Oil companies, manufacturers and utilities complained regulators had unfairly singled them out, leveling the fee on just 350 businesses in the state. Some business leaders also questioned the timing of the fee, which is being imposed while California endures a 12.2 percent unemployment rate, the highest on record.
"Given the economic climate, we believe it is extremely unwise to ask businesses to pay more government fees," said Jacque McMillan, a member of the Valley Industry Commerce Association, which represents businesses in the San Fernando Valley.
Republican gubernatorial candidate Meg Whitman earlier this week drew the ire of Gov. Arnold Schwarzenegger when she described the 2006 law he signed as a "job-killing" regulation. She said would suspend it if elected governor until its effects on the economy are better understood.
Part of the fee would cover the salaries of 174 people hired to implement the law since Schwarzenegger signed it.
About 350 businesses in California that make, sell or import gasoline, diesel, natural gas and coal would be charged roughly 15 cents for every ton of carbon dioxide that they and their customers emit into the atmosphere.
The average refinery would pay about $4.7 million and the average cement plant would pay about $150,000 a year, said Jon Costantino, manager of the climate change planning section at the air board. Cement plants would be subject to the fee because the chemical process they use to make cement produces greenhouse gases.
The charge would drop to 9 cents per ton of carbon dioxide in 2014 because loans approved in past years by the Legislature to initially run the program would be paid.
Regulators say the industries asked to pay the fee represent the starting point for roughly 85 percent of California's greenhouse gas emissions. For example, refineries process the fuel that California drivers put into their cars, and utility plants generate the electricity used to cool and heat the homes of the state's 38 million people.
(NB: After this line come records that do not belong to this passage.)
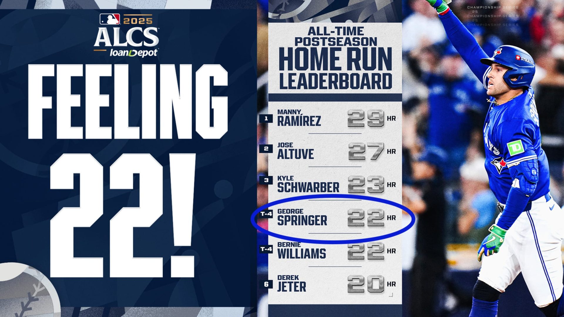 Springer lleva tres jonrones en estos playoffs por los Azulejos. De hecho, con su número 21 de por vida en el Juego 1 de esta serie el domingo, superó en la lista de todos los tiempos al Salón de la Fama Derek Jeter (20), quien ahora es sexto en la historia.
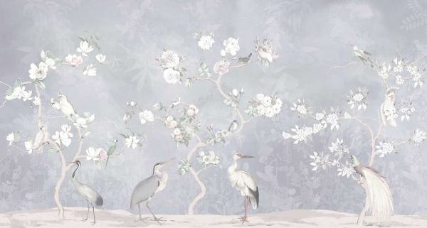 A refined design with delicate blossoms, elegant birds and subtle natural tones. This design radiates peace and harmony, perfect for giving a room a soft, romantic look.
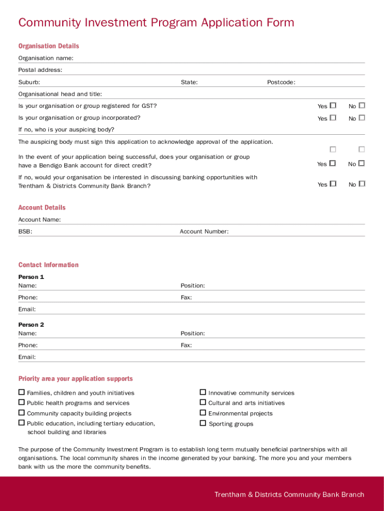 The wwwbendigobankcomausiteassetsbranchassetscommunity investment program application typically requires information about the organization or group, details of the community project or initiative being proposed, and a breakdown of how the funding or support will be used.
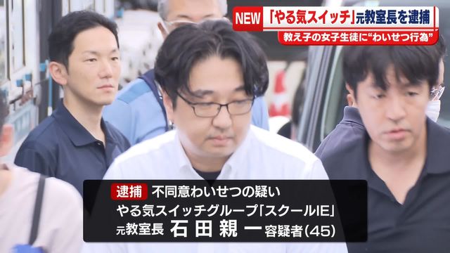 ・東京都中央区の個別指導塾「スクールIE」の元教室長、石田親一容疑者(45)が、授業中に女子中学生の体を触るわいせつな行為の疑いで逮捕された。
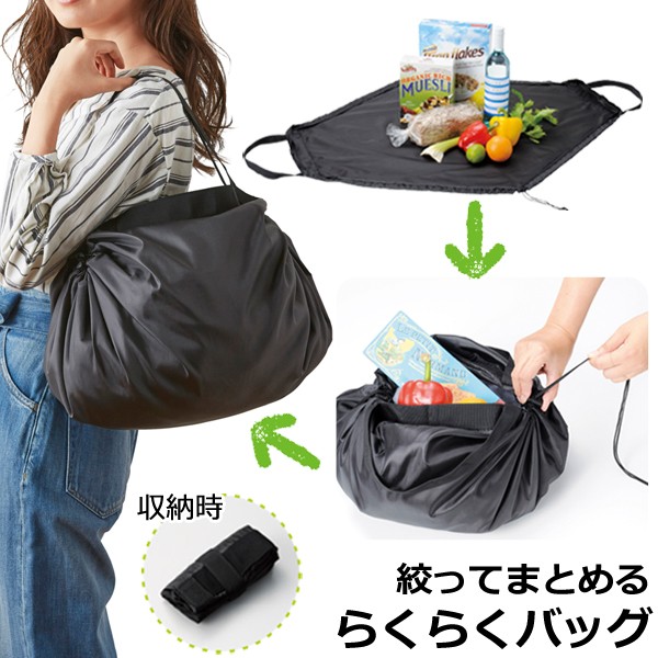 絞ってまとめる らくらくバッグ 肩掛け エコバッグ レジカゴ対応 ついで買い特集【 簡単 カゴ お買い物バッグ 風呂式タイプ 小さめ 時短グッズ 旅行 アウトドア 便利グッズ 軽量 コンパクト収納 】◎ ◇ 絞ってバッグ
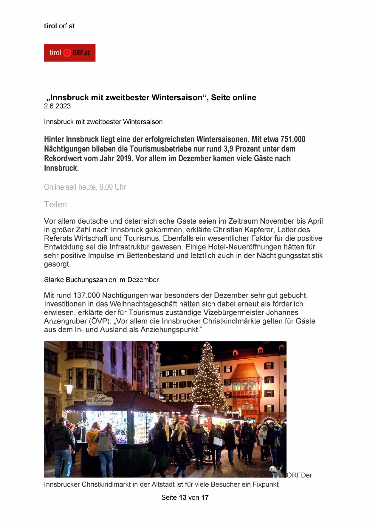 „Innsbruck mit zweitbester Wintersaison“, Seite online
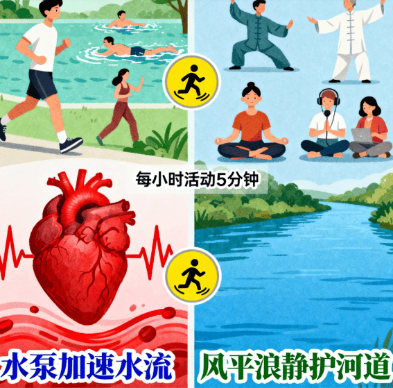 有氧运动最管用:快走、慢跑、游泳、太极拳、骑车这些,每周坚持个3-5次,每次30分钟以上,让心跳快一点,身上微微出汗。这样能让心脏更有劲,好比给河加了个“水泵”,让水流变快,有能力冲走刚开始的小淤堵。

The approach won the endorsement of environmentalists and public health groups who have long blamed industry for making products that pollute the air and sicken residents.
"California taxpayers have already borne the burden of this economy," said Bill Haller, a volunteer with the Sierra Club of California. "It's time for the polluter to pay for the pollution. They created it, they profited from it, and they should pay for it."
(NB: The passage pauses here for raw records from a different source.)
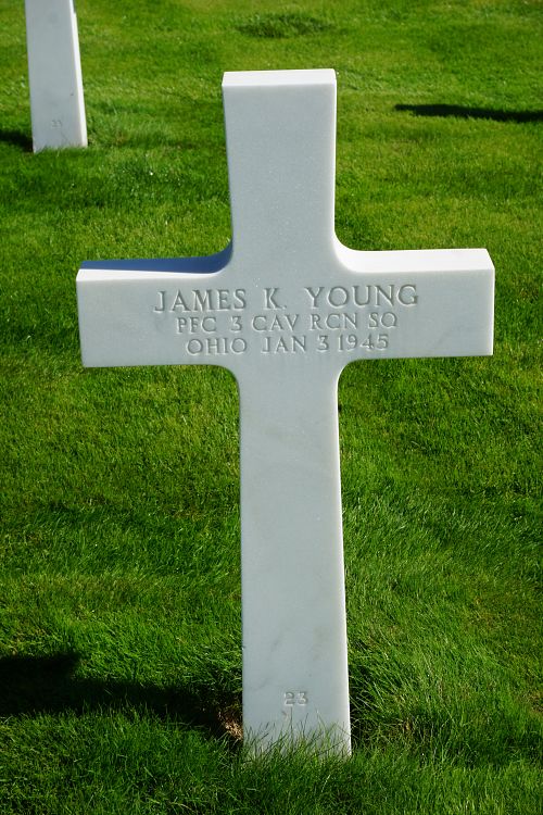 Pfc James K. Young attended high school for one year and was a driver at the Lake Carriers Association before he enlisted in Columbus, Ohio on 19 February 1943. He was sent overseas in July 1944.Sgt. Jack Dulin led an advance patrol to secure an assembly area in the woods for elements of the squadron which were following at a considerable distance. With him were three other men. In their advance, at night, they were ambushed by ten of the enemy who were supported by bazookas and machine guns. The enemy opened fire, killing Pfc Young and seriously wounding two other men.
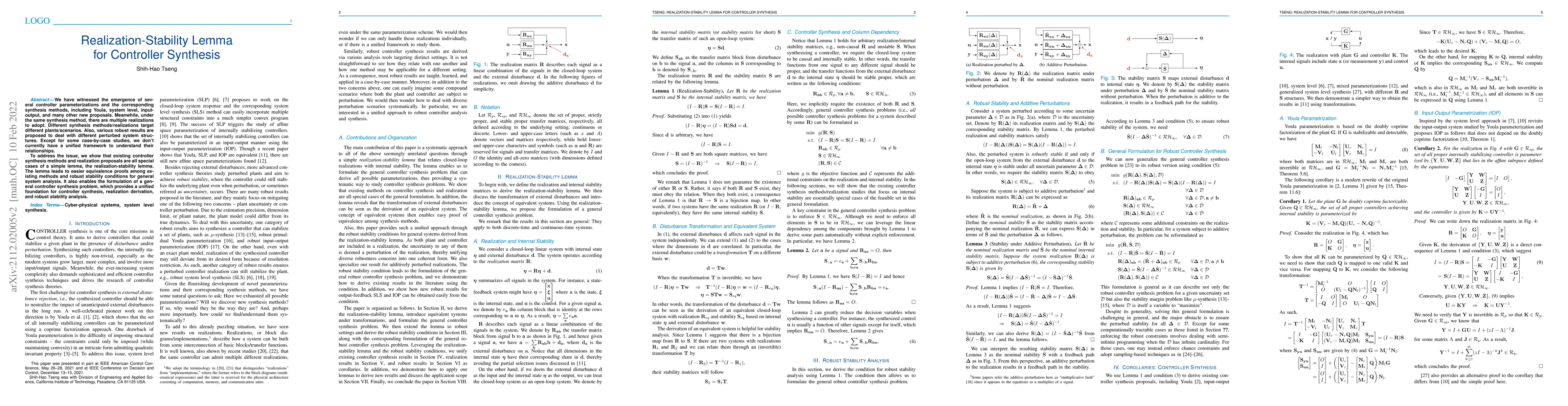 This paper presents the realization-stability lemma, which unifies various controller synthesis methods and realizations under a single framework. It provides a general foundation for controller synthesis, realization derivation, and robust stability analysis, facilitating easier equivalence proofs among different synthesis methods.
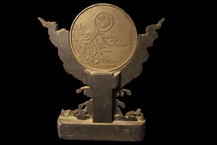 Temple Ritual Bronze Mirror with Wave & Cloud Carved Wood Stand — Edo to Early Meiji Japanese Buddhist Furnishing Object
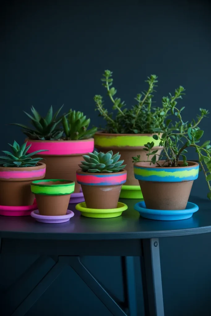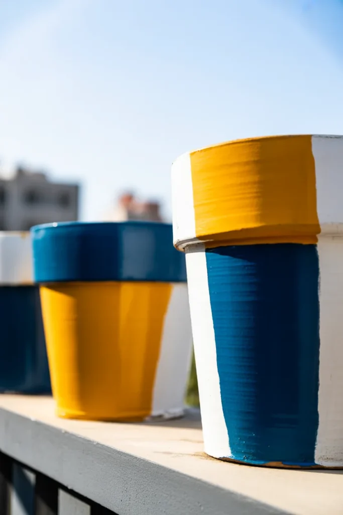 2. Bold Color Block Painted Flower Pots That Demand Attention

Oil companies and several utilities argued the fee unfairly holds them accountable not just for their own emissions but also for those generated by people who use their products. They also warned that regulators were proposing a fee that violates federal commerce laws by assessing a state fee on gasoline and electricity exports.
"There will be potential federal court challenges on the Commerce Clause because you're assessing fees on fuels going to other states — Nevada, Arizona and Texas," said Catherine Reheis-Boyd, chief operating officer at the Western States Petroleum Association.
Regulators say industry could pass along the fee to consumers by raising their prices. For example, a family restaurant would see an increase of about $17 a year in its electricity and natural gas costs. The extra cost to each Californian to fuel a car that gets 30 miles per gallon would be about 80 cents a year.
A few local government entities have adopted similar fees. Last year, air regulators in the San Francisco Bay area imposed a 4.4-cent-per-ton carbon fee on businesses that emit greenhouse gasses. In 2006, voters in Boulder, Colo., imposed a carbon tax on their own energy use.